What you need to do -
All lines from the top of the records below through the line holding "One pendant with", and only those, should be printed exactly, minus the pictures.

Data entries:
+++

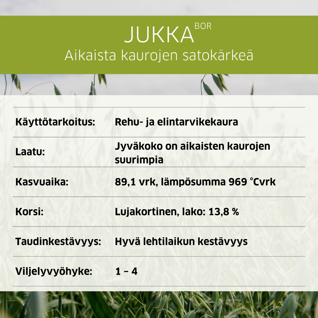 Korkea sato ja viihtyvyys eri maalajeilla etelästä pohjoiseen tekee Jukasta erinomaisen lajikkeen elintarvike-, vienti- ja rehukauran tuotantoon.
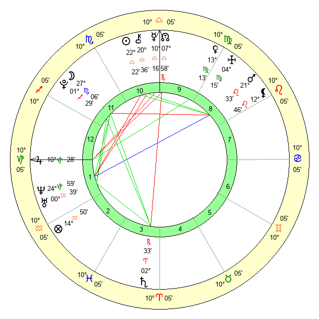 Venus | 13 Virgo 14 | 27 Scorpio 9 | 16 Libra 58 |
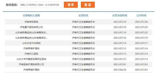 据济南市人民政府官网显示,7月以来,已有6家医疗机构因病历书写问题被济南市卫健委处罚。其中包括济南神安医院、山东手足外科医院、山东大学齐鲁医院高新区医院、济南妇儿医院等。
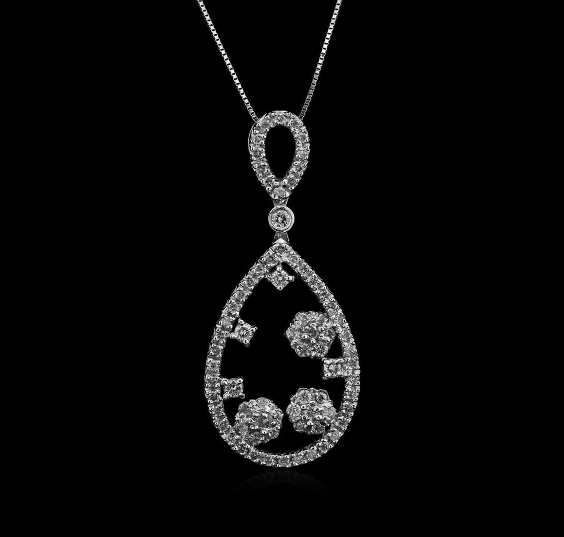 One pendant with chain featuring: 14KT white gold weighing 6.90 grams containing diamonds with a total weight of 1.26ct.
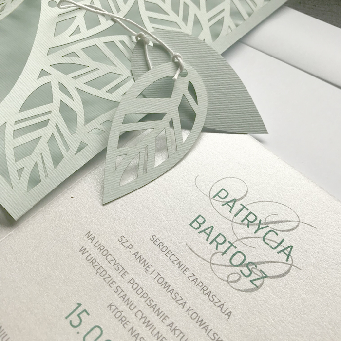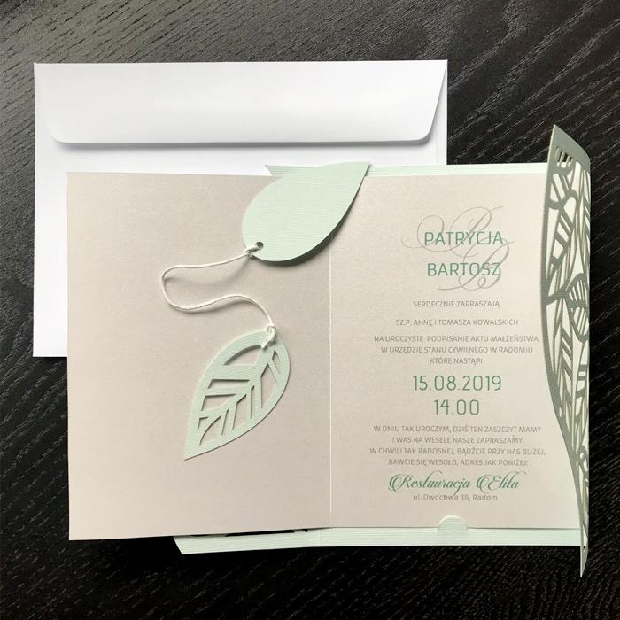 Zaproszenie w formie bramki, wykonane z wysokiej jakości lekko fakturowanego papieru barwionego w masie w odcieniu miętowym. Okładkę ozdabia ażurowe wycięcie laserowe z motywem liści. Uroku dodają dwa wycięte laserowo listki przewiązane woskowym sznurkiem w kolorze białym. Wkładka do nadruku tekstu z metalizowanego papieru w odcieniu lodowym dająca delikatne tło wycięciu laserowemu. Zaproszenie wysyłamy w formie gotowej do wręczenia. Zaproszenie wykonane z ogromną starannością i dbałością o detale. Precyzyjny nadruk, dokładność wykonania oraz wysokiej jakości papier. Do zaproszenia dodana jest ozdobna koperta (130g/m2) GRATIS.

+++

Output of the task -
 Korkea sato ja viihtyvyys eri maalajeilla etelästä pohjoiseen tekee Jukasta erinomaisen lajikkeen elintarvike-, vienti- ja rehukauran tuotantoon.
 Venus | 13 Virgo 14 | 27 Scorpio 9 | 16 Libra 58 |
 据济南市人民政府官网显示,7月以来,已有6家医疗机构因病历书写问题被济南市卫健委处罚。其中包括济南神安医院、山东手足外科医院、山东大学齐鲁医院高新区医院、济南妇儿医院等。
 One pendant with chain featuring: 14KT white gold weighing 6.90 grams containing diamonds with a total weight of 1.26ct.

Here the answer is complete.